Ces mesures, très critiquées par les milieux français, paraissent très insuffisantes aux nationalistes, mais leur
refus n'entame pas la détermination du gouvernement, décidé à ne pas engager d'autres réformes avant la
fin du conflit. Autant que l'absence d'initiatives politiques, les Algériens musulmans souffrent de cinq ans
de famine, d'autant plus mal acceptées, comme le fera observer Albert Camus, qu'elle se sont
accompagnées de discrimination en matière de rationnement. Alors que la France célèbre la capitulation
allemande, les événements de mai 1945 manifestent la gravité des tensions accumulées. A l'initiative des
militants nationalistes, des manifestations sont organisées à l'occasion de la fête de la victoire. Mais
l'initiative leur échappe. De véritables émeutes enflamment le Constantinois. La grande peur des Français
d'Algérie, aussi vieille que la colonisation, se réveille à la description de la mise à mort d'une centaine
d'entre eux, massacrés dans les rues des villes (Sétif, Guelma), ou dans leurs fermes isolées.
La réaction répression française est d'autant plus brutale que les autorités ne peuvent compter que sur des
effectifs réduits. Elle fait au moins 1.500 victimes. Il n'est pas question, pour les Français, d'accepter de
voir se disloquer un empire dont le rôle a été si important dans le redressement survenu depuis 1940, alors
que, depuis septembre 1945, les troupes du général Leclerc reprennent pied en Indochine.

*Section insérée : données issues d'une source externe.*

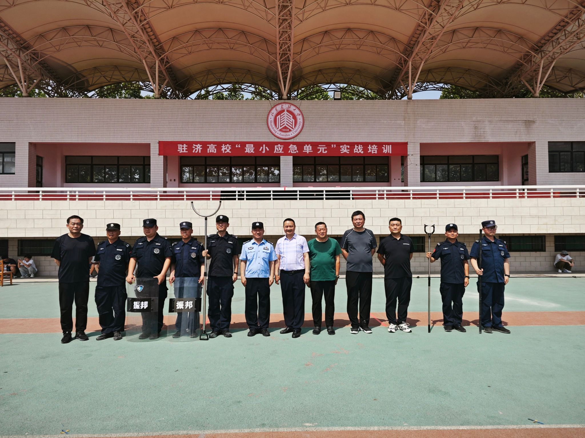 5 月 21 日,学校安全管理处组织安全管理干部、安保队员10余人参加由济南市公安局主办的驻济高校 “最小应急单元” 实战培训。山东省教育厅二级巡视员李文生,济南市公安局局领导、二级警务专员刘西茂等领导到场指导培训。
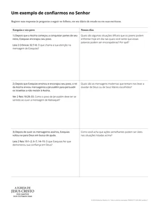 Pode ser útil usar o material complementar “Um exemplo de confiar no Senhor” para ajudar os alunos a entender o princípio que identificaram anteriormente e fazer conexões entre Ezequias e a vida deles.
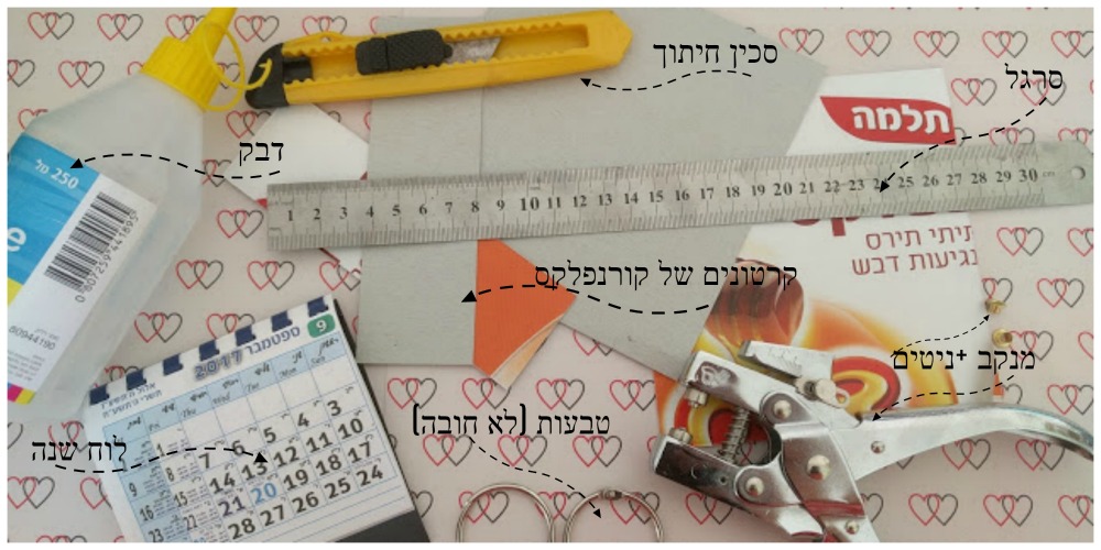 - מחורר + ניטים (לא חובה להשתמש בניטים, אפשרי רק לחורר)
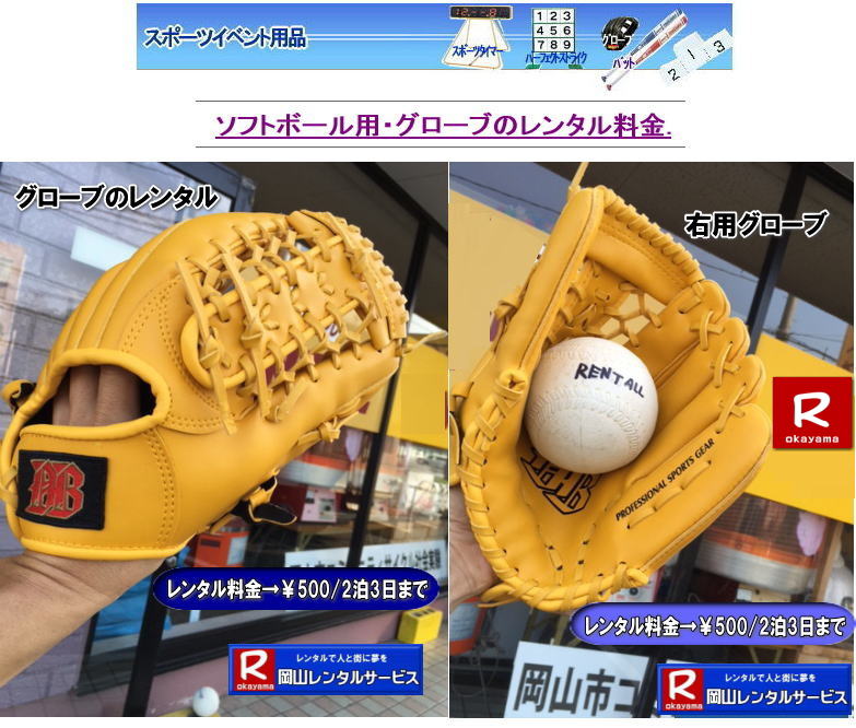 ソフト用グローブのレンタル・
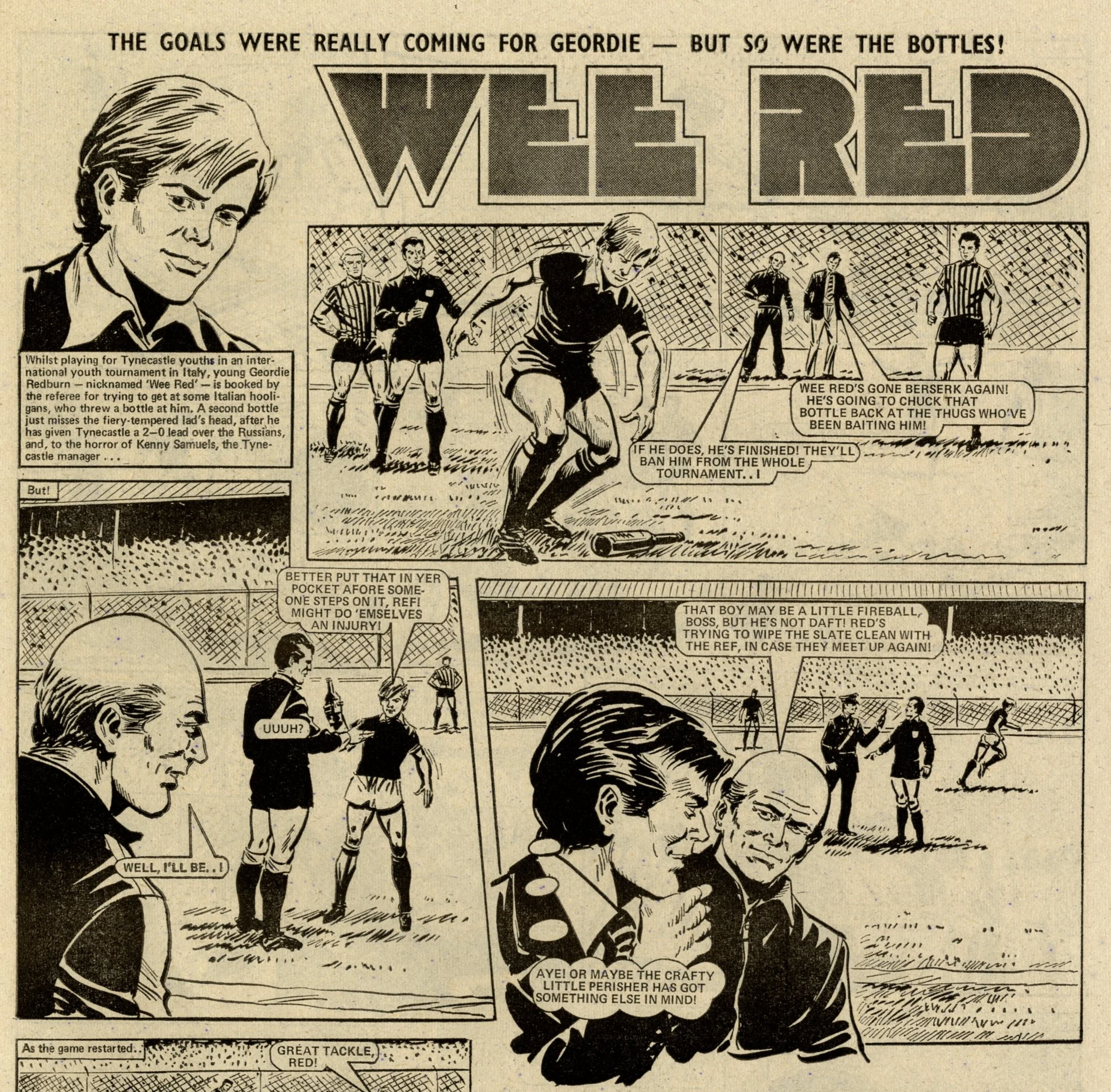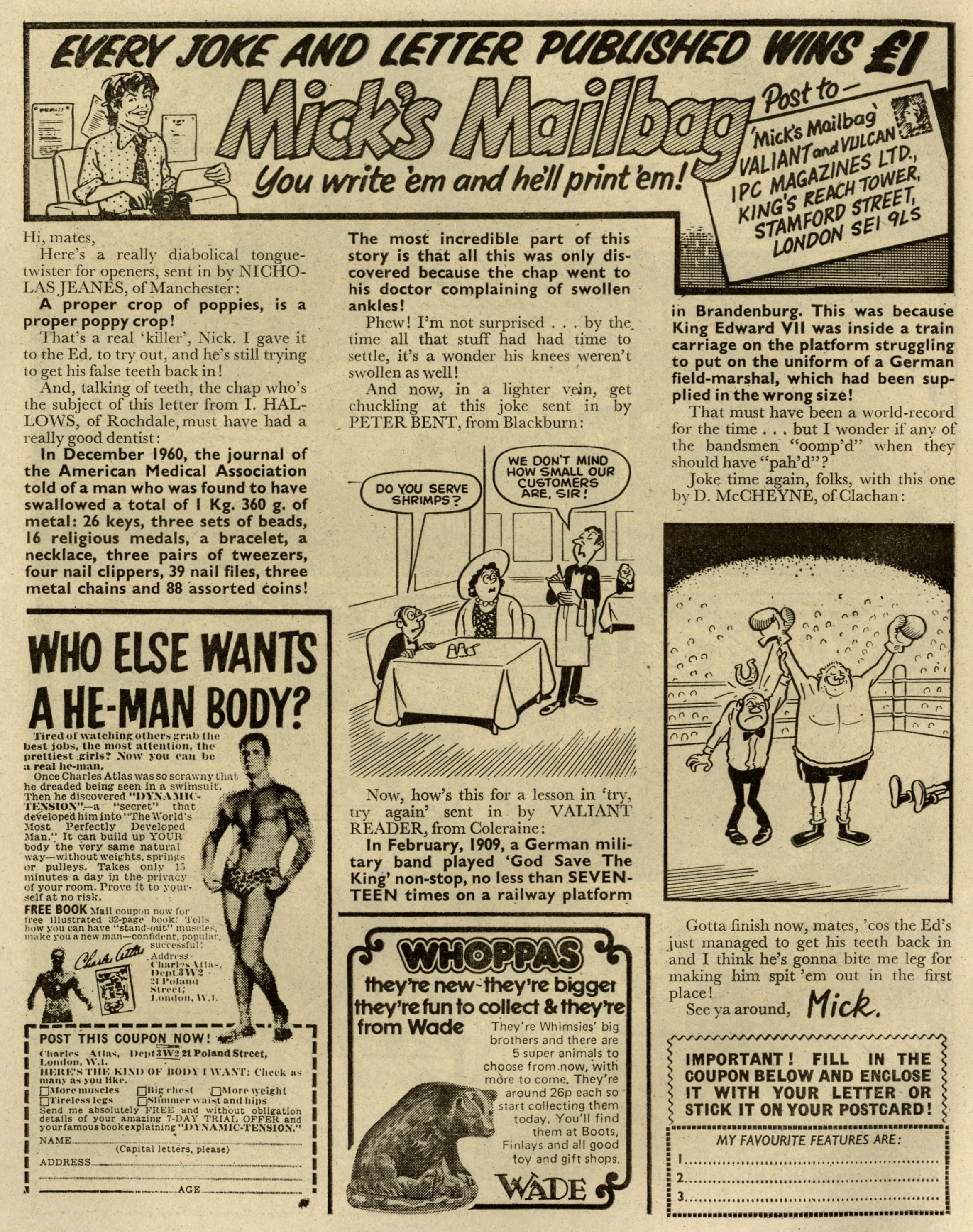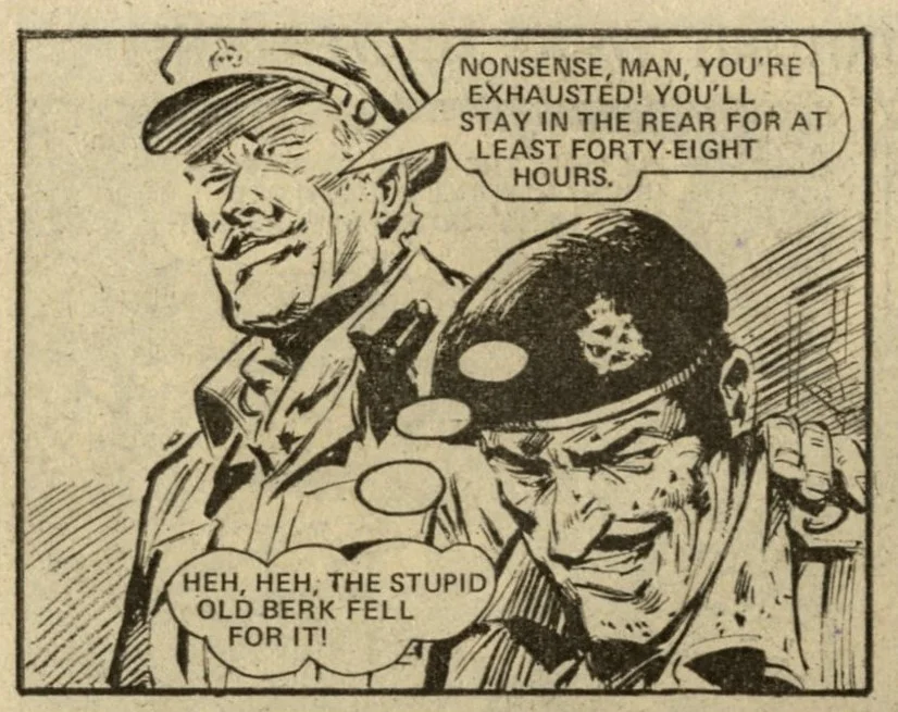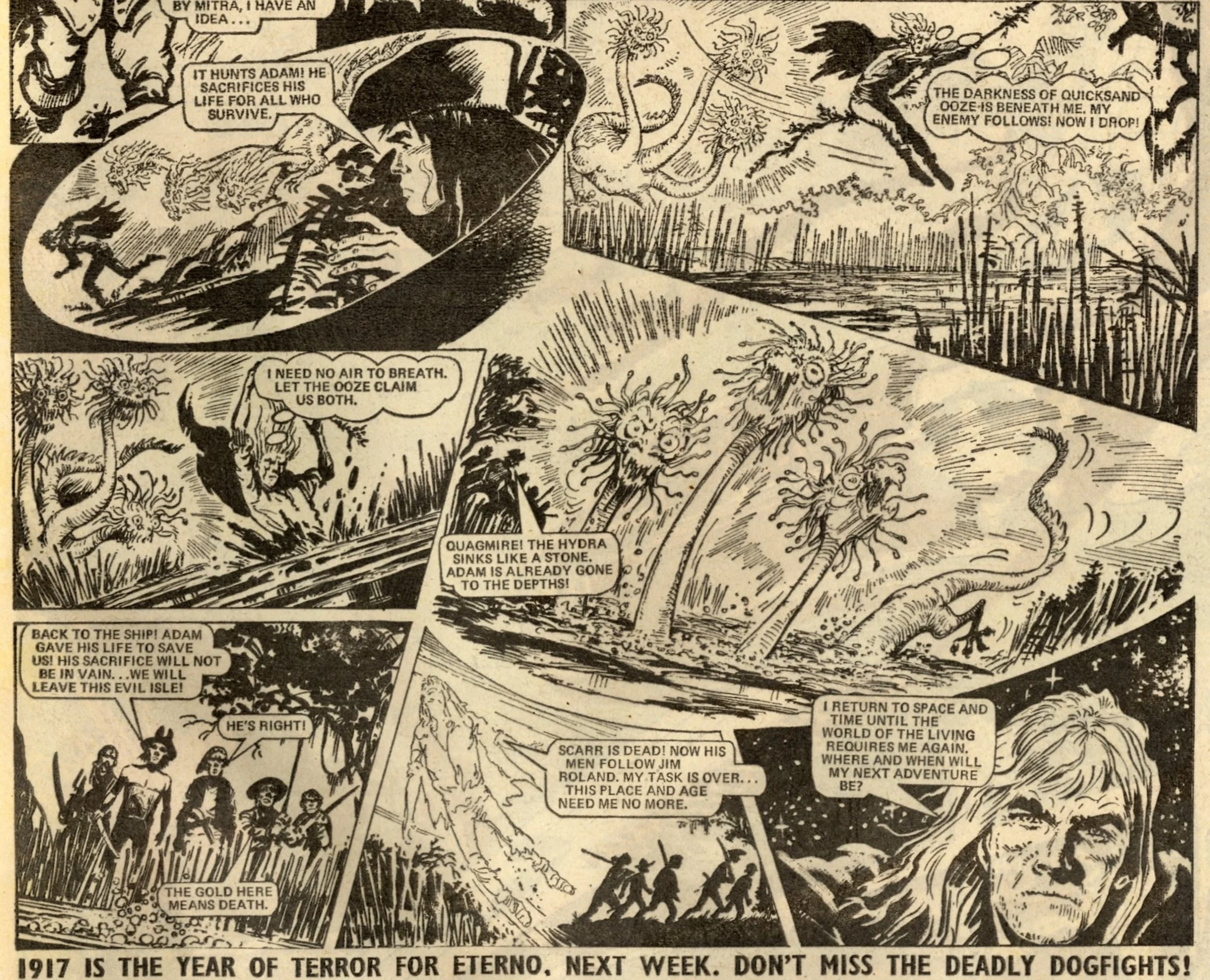 Action is the most infamous of these new wave comics. The ‘sevenpenny nightmare’ made a lot of noise and splashed a lot of blood between its launch in February 1976 and its ban in October of the same year, and it’s easy to forget that Valiant was still running at this time. But it’s also interesting to read an issue such as this week’s and to notice how it too was trying to capture a bit of the Action vibe. It is a comic with a split personality, mixing the final hurrahs of long-running fantastical strips such as Captain Hurricane, Adam Eterno, Frank McDiarmid’s Challenge Charlie and Reg Parlett’s Billy Bunter, with a new roster of harder-boiled thrills that wouldn’t have seemed out of place in Action or Battle at this time, but whose storylines seem incongruous under the ‘Valiant’ banner. There is less valour in the tales of Soldier Sharp – the ‘Rat of the Rifles’ Arnie Sharp was a con man and coward masquerading as a hero in the WWII British army – Death Wish – another WWII story about Sergeant Joe Bannon, a soldier ‘who no longer cared if he lived or died’ – Wee Red, a football story about a flame-haired troublemaker – or Paco – about the trials of a half-dog, half-wolf forced on to the underground fighting dog circuit.
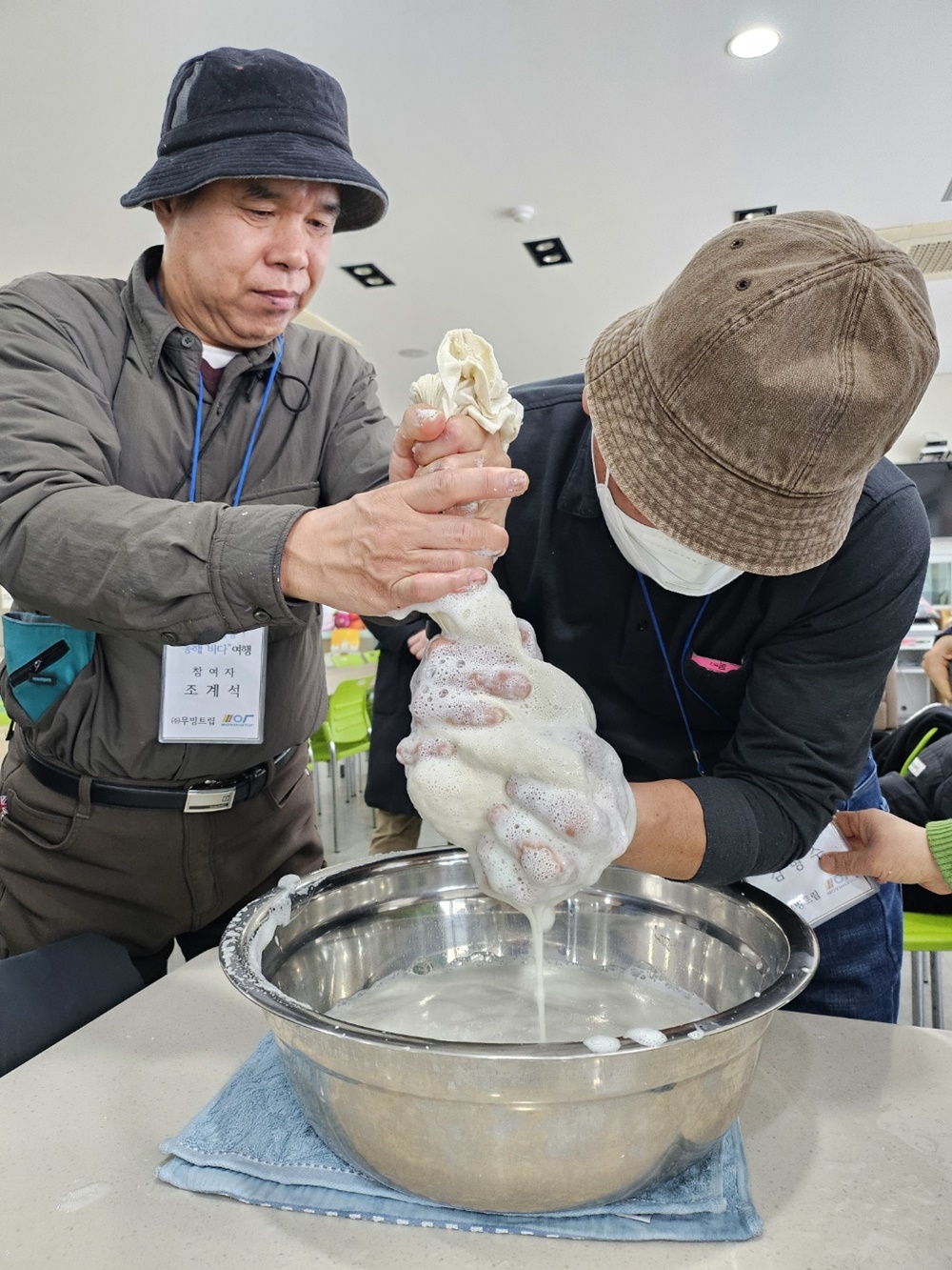 [사진2] 15일 강릉초당두부마을에서 시청각장애인 조계석 씨가 도움을 받아 두부 만들기 체험을 하고 있다.
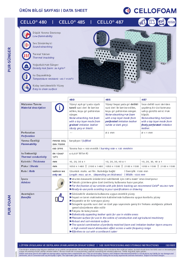 İnce delikli suni deri yüzeye sahip PUR sünger. Cello® 487, göze hitap eden yapısının yanında, aynı zamanda dayanıklı ve temizlenmesi de kolay olan bir üründür.
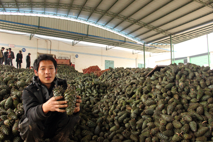 ▲近来年,雪山镇以建设“高山绿色经济园”为目标,大力加强对林果业产业的投入力度,积极实施封山育林和人工造林工程,共完成荒山造林10多万亩,真正做到“造一片、活一片、成林一片、收益一片”,为广大林农带来了实实在在的收益。据了解,该镇有各种松树林15余万亩,其中可采果松树5至6万亩,三年生幼树10万余亩,是华山松采种基地,今年雨水充沛,松子大丰收,街上到处可见运松树孢子的拖拉机,一般每斤1.1至1.25元。图为已集中收购的松子孢。(李建军 摄)
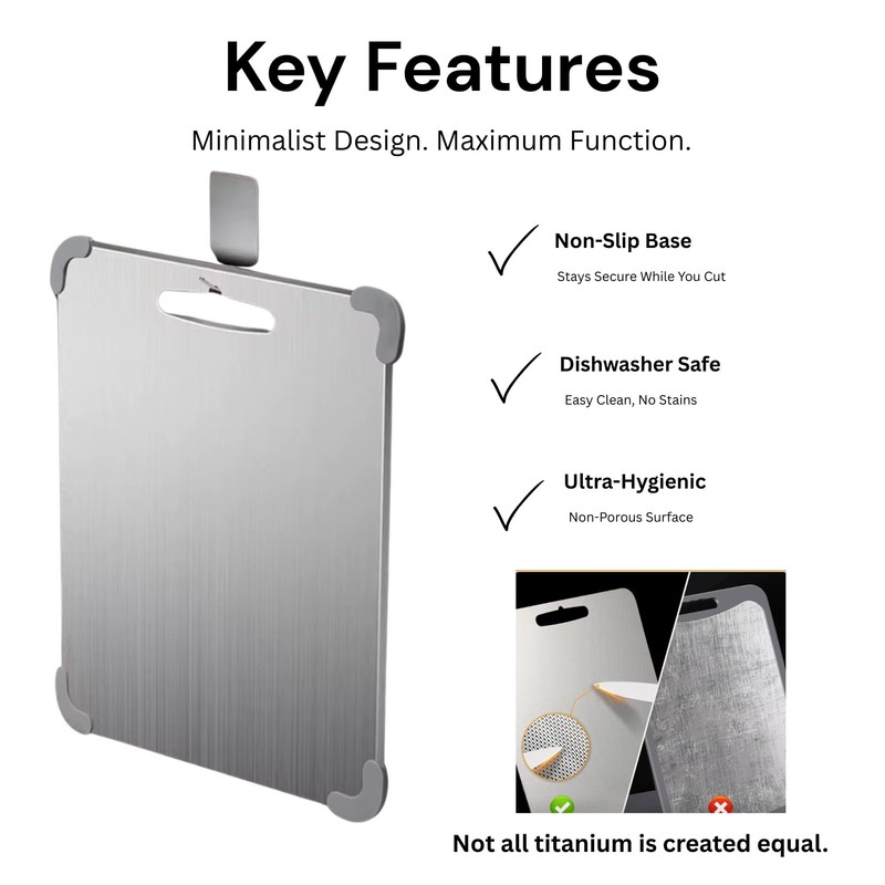 - Modern, Minimalist, and Easy to Clean Double-sided, easy to wash, and designed to last. Elevate your kitchen with one of the top-rated titanium cutting boards on the market.
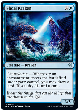 Shoal Kraken probably won't be used except as a 'big body' in limited. Cycling through cards isn't bad, but this card is 5 mana and it doesn't even do anything the turn you play it. You have to play other cards alongside it to make it do anything and even then the payoff isn't that big. This card is just too slow and too much trouble. However, in limited a 3/5 body will be able to block just about anything and survive, don't underestimate this card in draft.
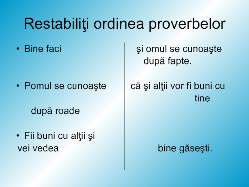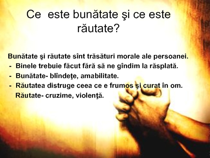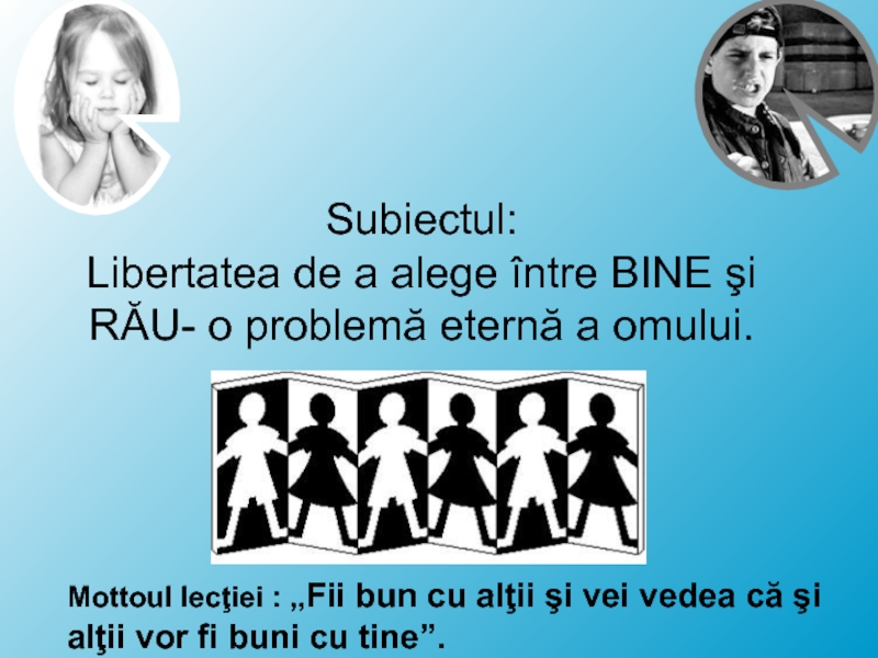 Mottoul lecţiei : ,,Fii bun cu alţii şi vei vedea că şi alţii vor fi buni cu tine”.
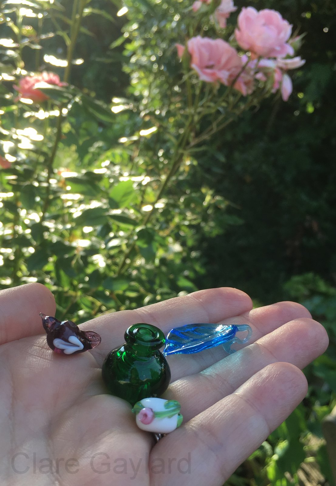 I've taught two starter workshops in the last Open Studio week (amongst other things) and enjoyed them very much. I have a strong preference for teaching flamework one-to-one because it requires so much focus. I also really enjoy how different characters and approaches yield such personal work from the outset. Thanks to Gayle for this photo of...

Déjà peu
attentive aux changements avant 1939, détournée par l'occupation, puis la Libération, et désormais par les
soucis de la Reconstruction, des problèmes d'outre-mer, l'opinion est d'abord profondément ignorante des
difficultés qui peuvent s'y manifester. Pour ceux qui peuvent en avoir connaissance, la tentation est aisée
d'attribuer ces difficultés à l'action exclusive de l'étranger : britannique, avec quelque fondement pour ce
qui concerne le Levant ; voire nazi, comme le proclame, de façon peu crédible, le parti communiste au
lendemain des émeutes de Sétif. Il est difficile de concilier avec la revendication d'indépendance l'image,
toute récente, du loyalisme des populations et surtout des soldats musulmans.
Nouvelles occasions perdues (1945-1954) :
En dépit du lourd passif que constituent les événements de 1945, tous les chemins d'une évolution ne
sont pas fermés. Des représentants (dont 13 Algériens musulmans) sont appelés à siéger dans l' Assemblée
constituante élue en octobre 1945. La majorité des constituants n'est pas a priori hostile à des réformes.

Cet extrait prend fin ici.